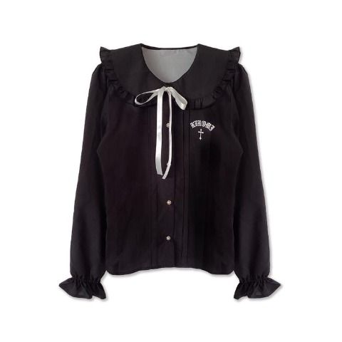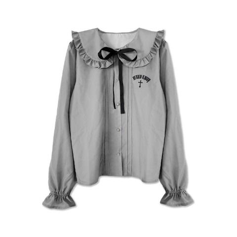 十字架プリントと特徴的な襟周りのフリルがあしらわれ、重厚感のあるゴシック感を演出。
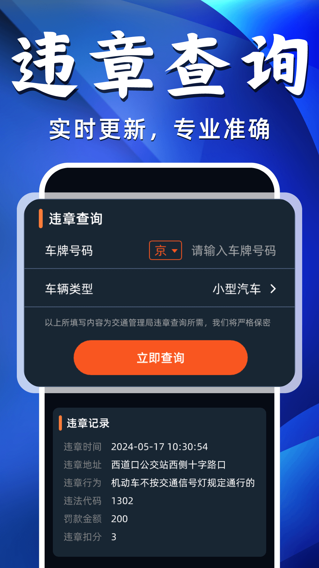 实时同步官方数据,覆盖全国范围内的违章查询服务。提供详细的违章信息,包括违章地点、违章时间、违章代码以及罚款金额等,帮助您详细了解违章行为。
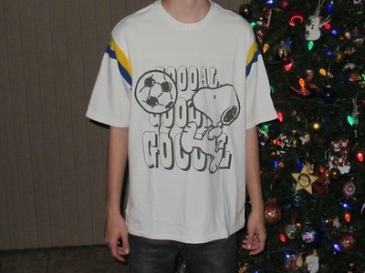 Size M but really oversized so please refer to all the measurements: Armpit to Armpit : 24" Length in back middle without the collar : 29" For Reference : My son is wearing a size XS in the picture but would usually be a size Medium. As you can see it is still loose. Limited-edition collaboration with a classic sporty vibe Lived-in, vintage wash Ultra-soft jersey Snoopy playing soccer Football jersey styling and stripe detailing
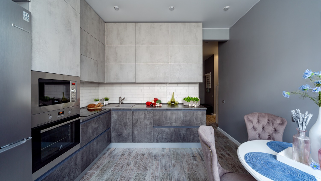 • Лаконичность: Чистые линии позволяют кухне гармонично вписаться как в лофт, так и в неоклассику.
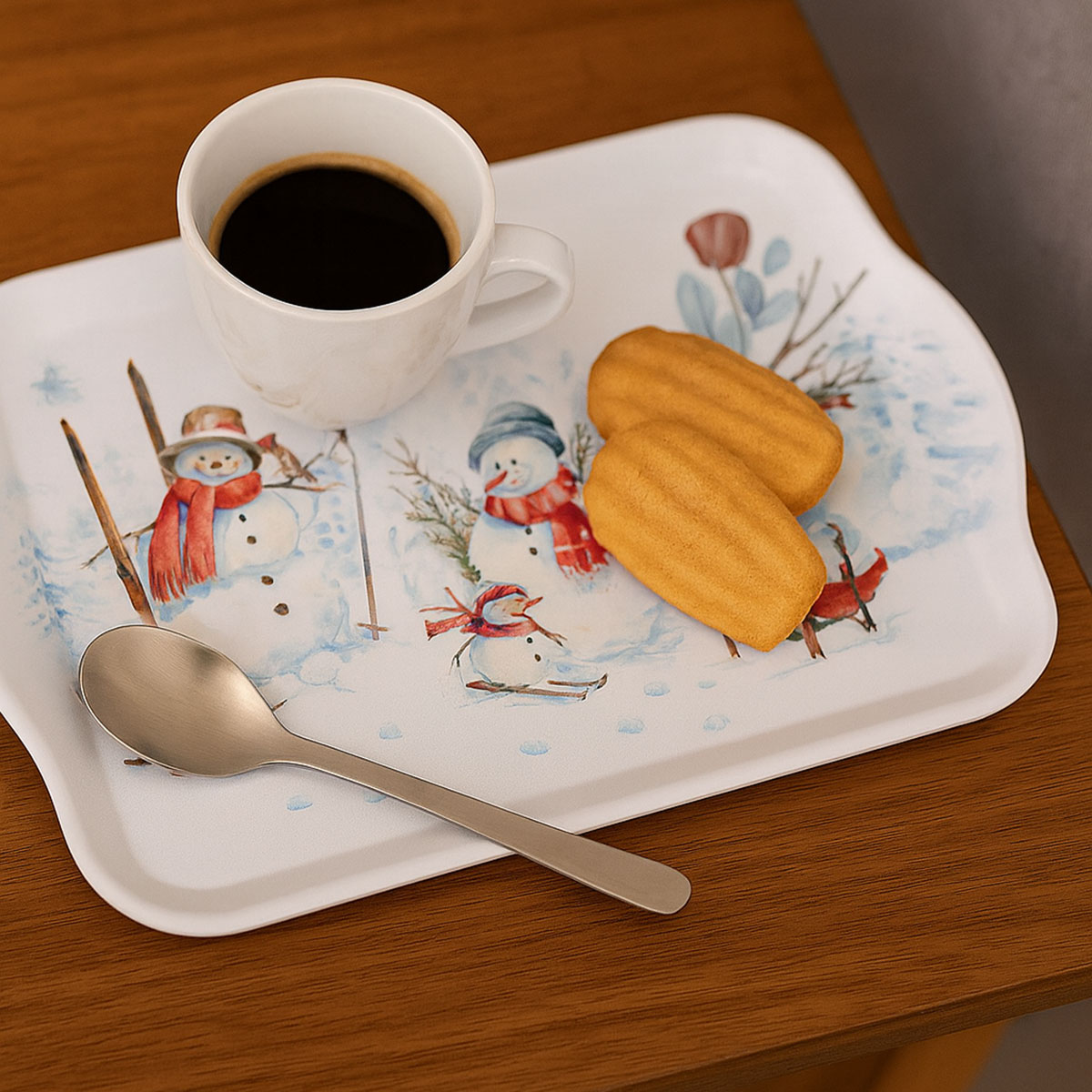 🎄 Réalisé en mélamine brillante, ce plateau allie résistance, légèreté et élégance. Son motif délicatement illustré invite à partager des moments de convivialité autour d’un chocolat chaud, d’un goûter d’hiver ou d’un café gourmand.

◆ **Aim of the exercise**
The listing is to be reproduced in full and exactly, except that its pictures are to be dropped.

◆ **Answer section**
 十字架プリントと特徴的な襟周りのフリルがあしらわれ、重厚感のあるゴシック感を演出。
 实时同步官方数据,覆盖全国范围内的违章查询服务。提供详细的违章信息,包括违章地点、违章时间、违章代码以及罚款金额等,帮助您详细了解违章行为。
 Size M but really oversized so please refer to all the measurements: Armpit to Armpit : 24" Length in back middle without the collar : 29" For Reference : My son is wearing a size XS in the picture but would usually be a size Medium. As you can see it is still loose. Limited-edition collaboration with a classic sporty vibe Lived-in, vintage wash Ultra-soft jersey Snoopy playing soccer Football jersey styling and stripe detailing
 • Лаконичность: Чистые линии позволяют кухне гармонично вписаться как в лофт, так и в неоклассику.
 🎄 Réalisé en mélamine brillante, ce plateau allie résistance, légèreté et élégance. Son motif délicatement illustré invite à partager des moments de convivialité autour d’un chocolat chaud, d’un goûter d’hiver ou d’un café gourmand.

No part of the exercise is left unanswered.